EXERCISE: Copy exactly the lines of the data below, beginning with the line with "在本季的成衣中女模特頭上的飛" and ending with the line with "信德感恩百維奇鈣維生素D咀嚼". Pictures are to be omitted.

Collected data entries

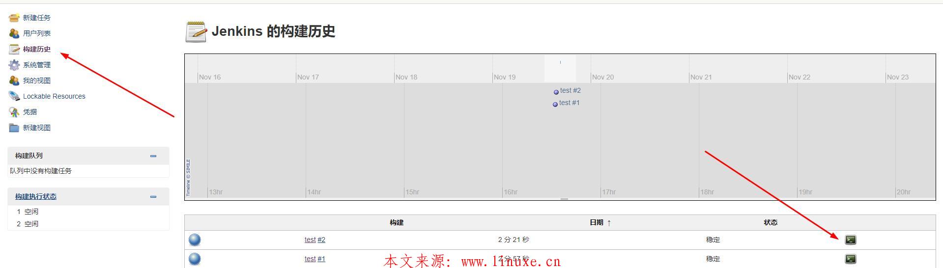 任务运行完成后通过构建历史可以看到输出结果,也可以通过控制台输出查看运行时发生的事件
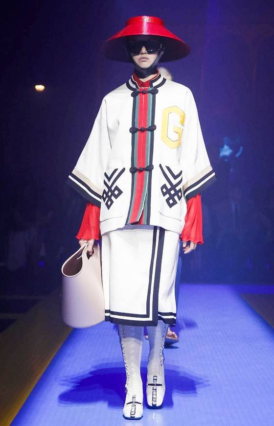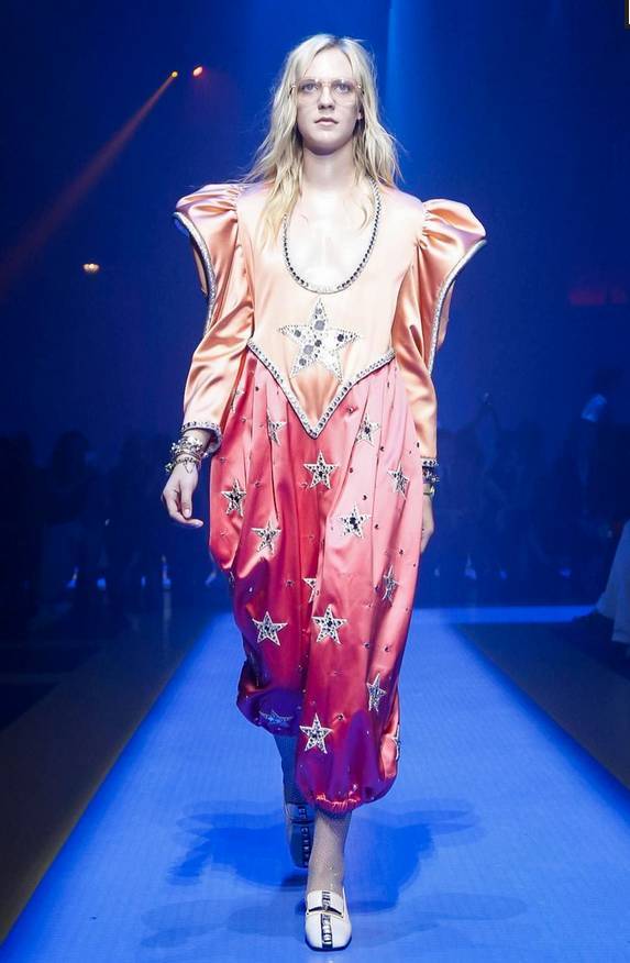 在本季的成衣中女模特頭上的飛碟造型的帽子,像是對于這個主題的呼應。擺脫于持續性與標準化帶來的單調,學著詩意地活出自己的精彩,就是本季GUCCI教會我們的。
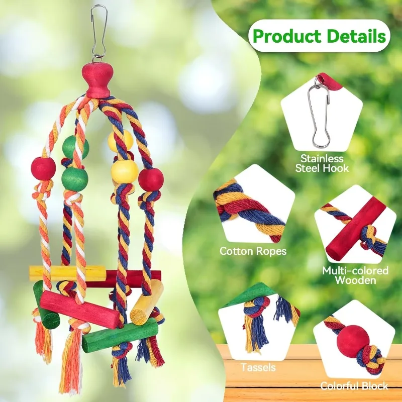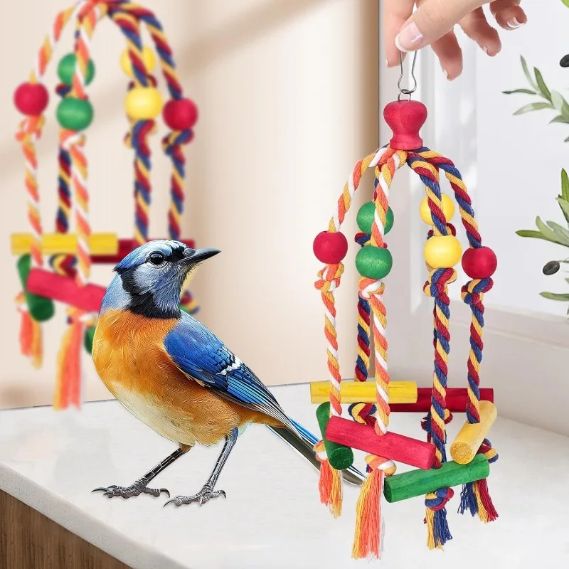 Bird Toys Parrot Toys Cotton Rope Colorful Beads Wooden Blocks Gnawing Strings Relieve Boredom Relieve Biting Hair Bird Supplies
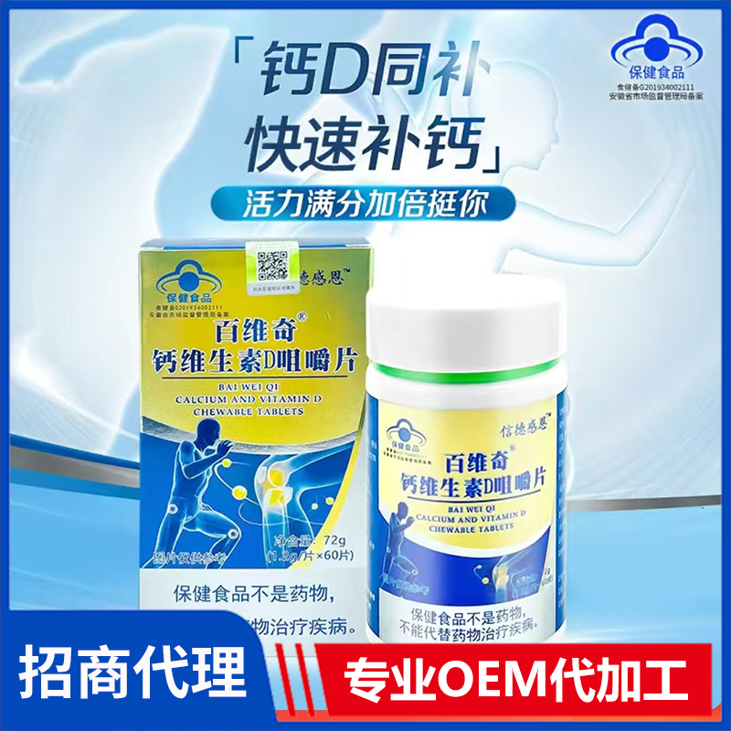 信德感恩百維奇鈣維生素D咀嚼片現(xiàn)貨批發(fā) 藍帽食品咀嚼片OEM貼牌定制代加工
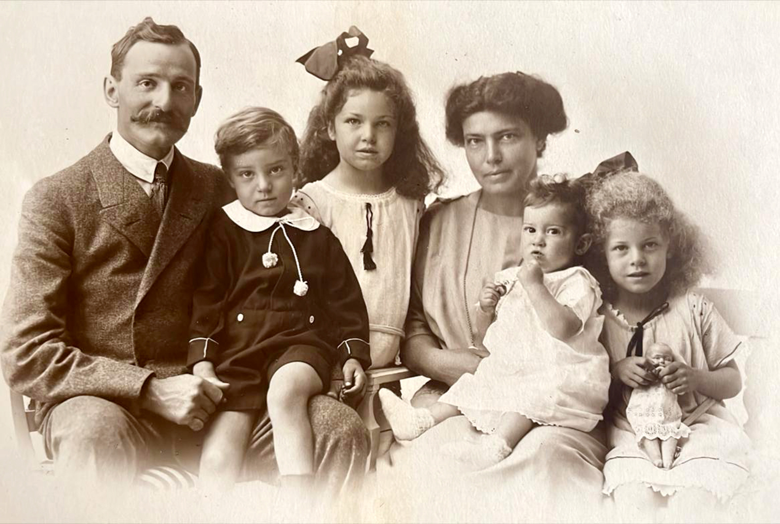 A photo of the Cuénod family taken in Switzerland, before the birth of Claude (who was born in 1924). At the back on the left is René Cuénod with his wife, Marguerite on the right. Between them is the eldest daughter, Jacqueline. Valentine sits on the right, with Pierre Henri siting on his father's lap. The toddler in front is Jean-René. |
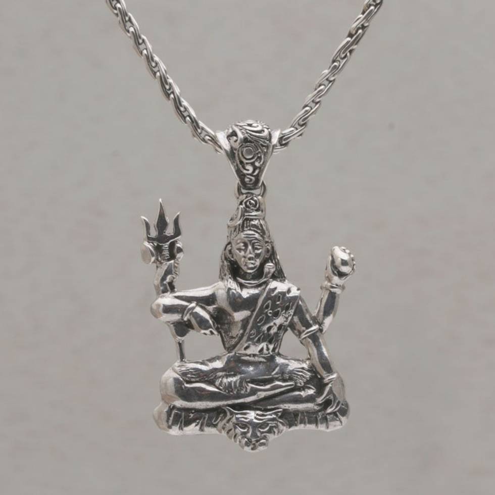 Lord Shiva Pendant Necklace Crafted from Sterling Silver 'Shiva Semedi' Item ID: 2669922818
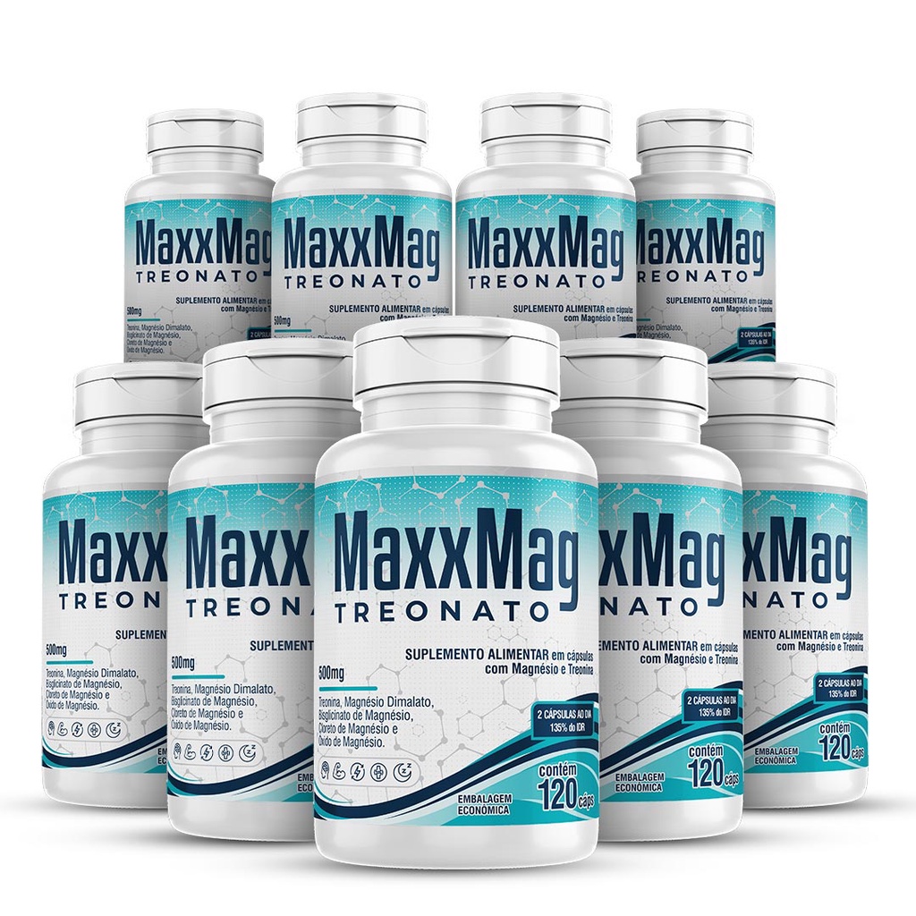 MaxxMag 9x 120 Cápsulas, 5 Fontes de Magnésio: Treonato, Dimalato, Quelato, Óxido e Cloreto, Máximo 2 ao dia, 220mg de treonina na porção
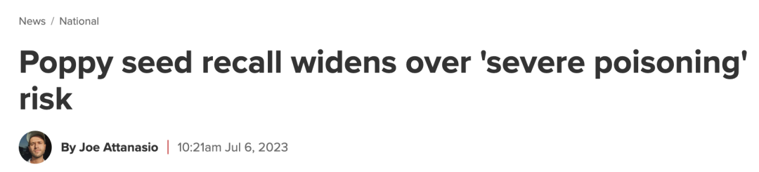 由于担心摄入罂粟籽会 "严重中毒",在澳洲主要超市销售的一种罂粟籽的召回范围已经扩大到多个州。
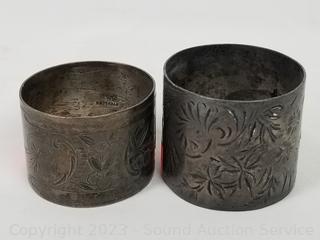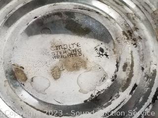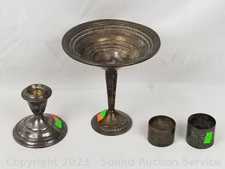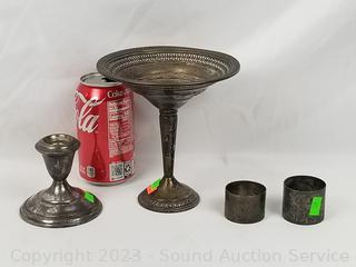 Lot #0091: 2 Sterling Napkin Rings, Weighted Candleholder & Compote
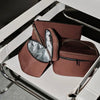 Hand wash below 40°C with mild detergent. Do not tumble dry, dry clean, or iron. Avoid direct sunlight, high heat, or heavy compression when storing.
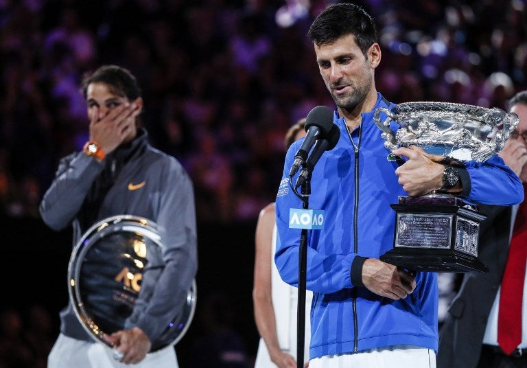 Djokovic y Nadal en la ceremonia de premiación del Abierto de Australia
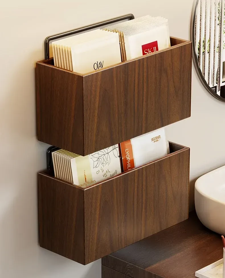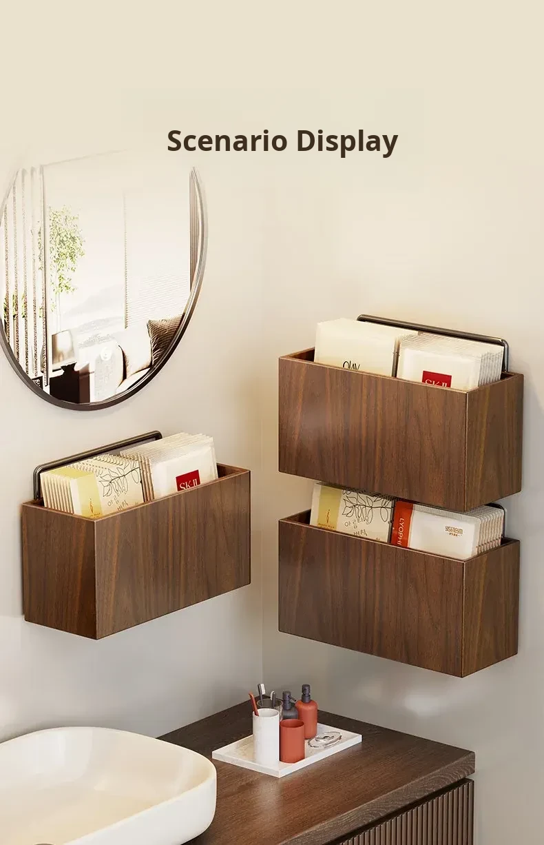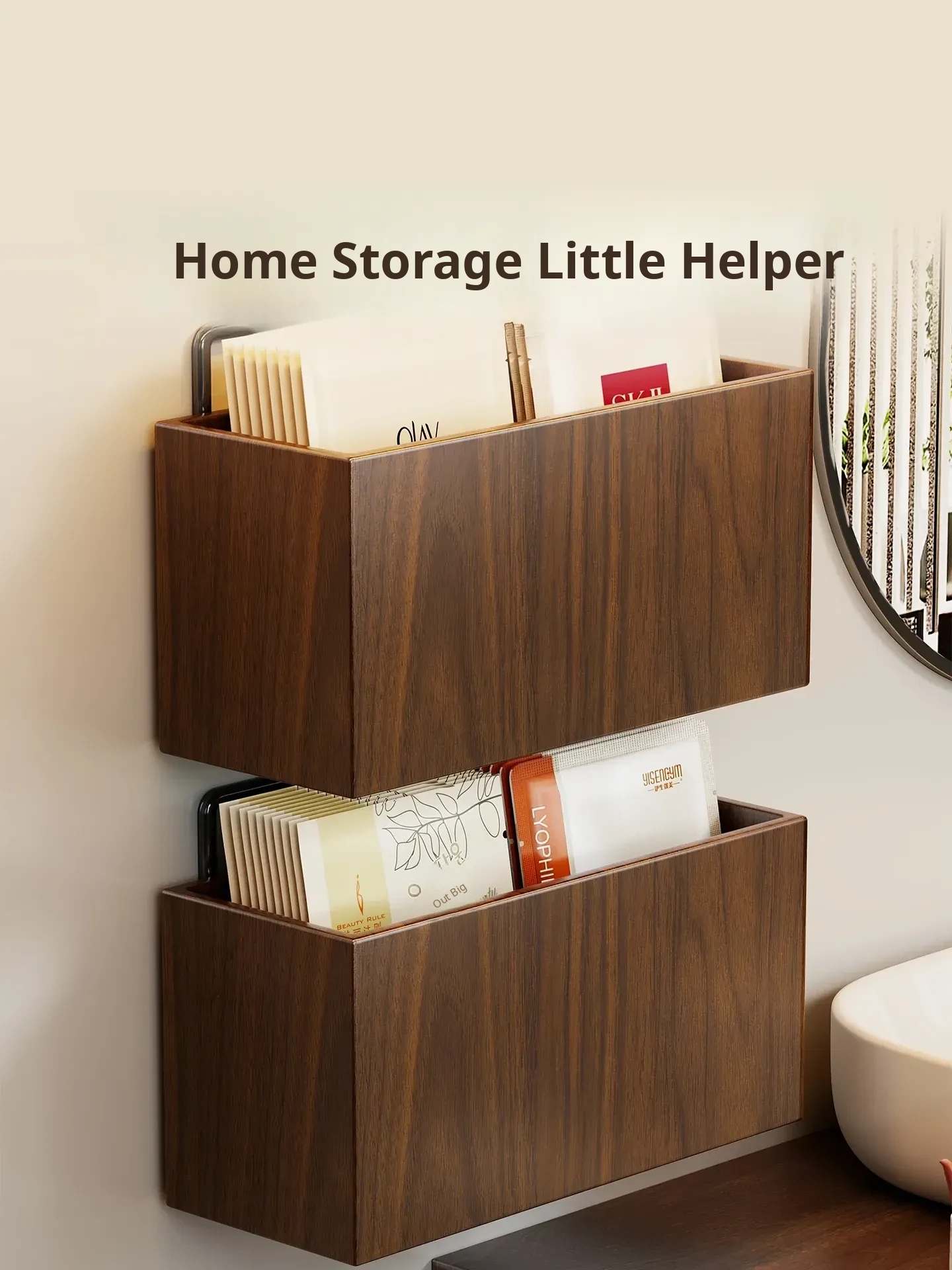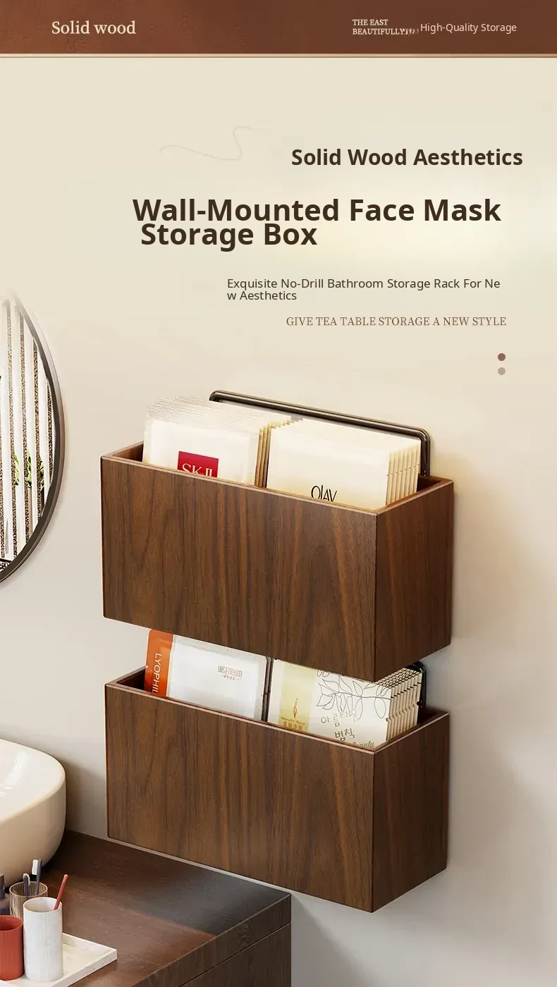 Wooden Face Mask Storage Box - Wall-Mounted Cosmetic Organizer for Skincare Products, No Drilling Required, Perfect for Dorms and Clutter-Free Living!
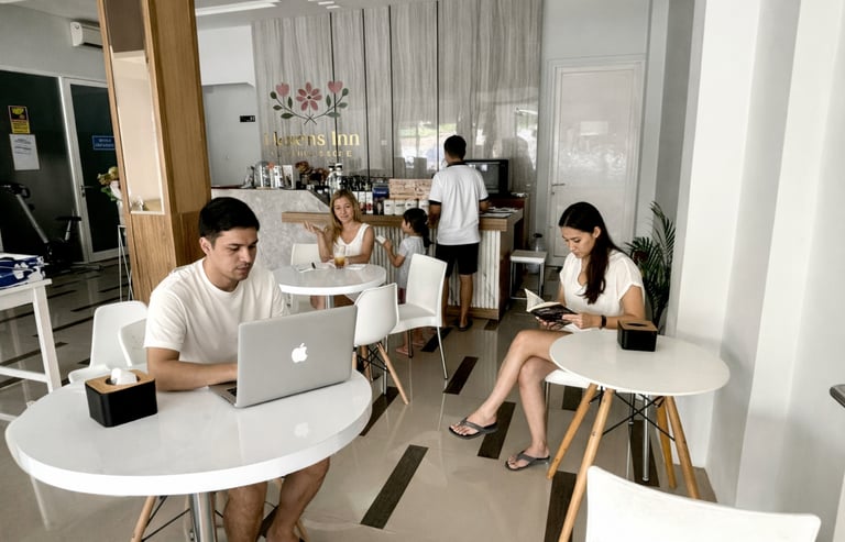 Smart AC, 100 mbps Super Fast Wifi, Key Cards System, 24h Security, Cafe, CCTV, Samsung 32" Smart HDTV, Hot Shower, Laundry, Car Rental & Tour.
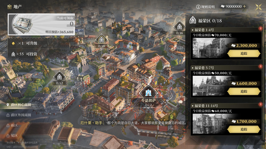 另外,《白银之城》里还加入了“地产”系统,由侦探去投资商铺,目前来看它比较偏向领取收益的放置类玩法,在正式版中是否会和更深度的“模拟经营”联系起来还不确定。
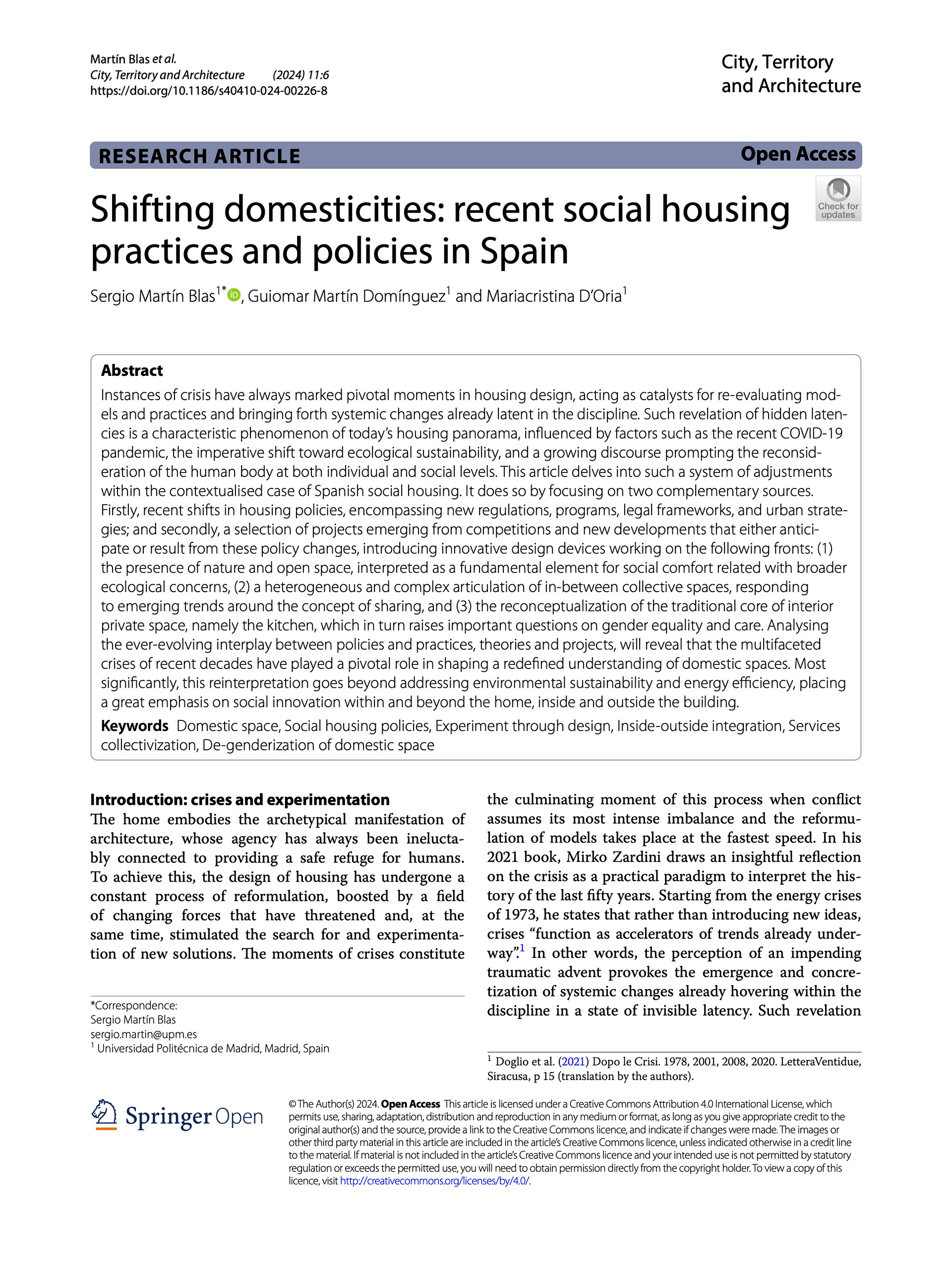 Shifting domestecities: recent social housing practices and policies in Spain | article on City, Territory, and Architecture, 2024

THE ANSWER:
 在本季的成衣中女模特頭上的飛碟造型的帽子,像是對于這個主題的呼應。擺脫于持續性與標準化帶來的單調,學著詩意地活出自己的精彩,就是本季GUCCI教會我們的。
 Bird Toys Parrot Toys Cotton Rope Colorful Beads Wooden Blocks Gnawing Strings Relieve Boredom Relieve Biting Hair Bird Supplies
 信德感恩百維奇鈣維生素D咀嚼片現(xiàn)貨批發(fā) 藍帽食品咀嚼片OEM貼牌定制代加工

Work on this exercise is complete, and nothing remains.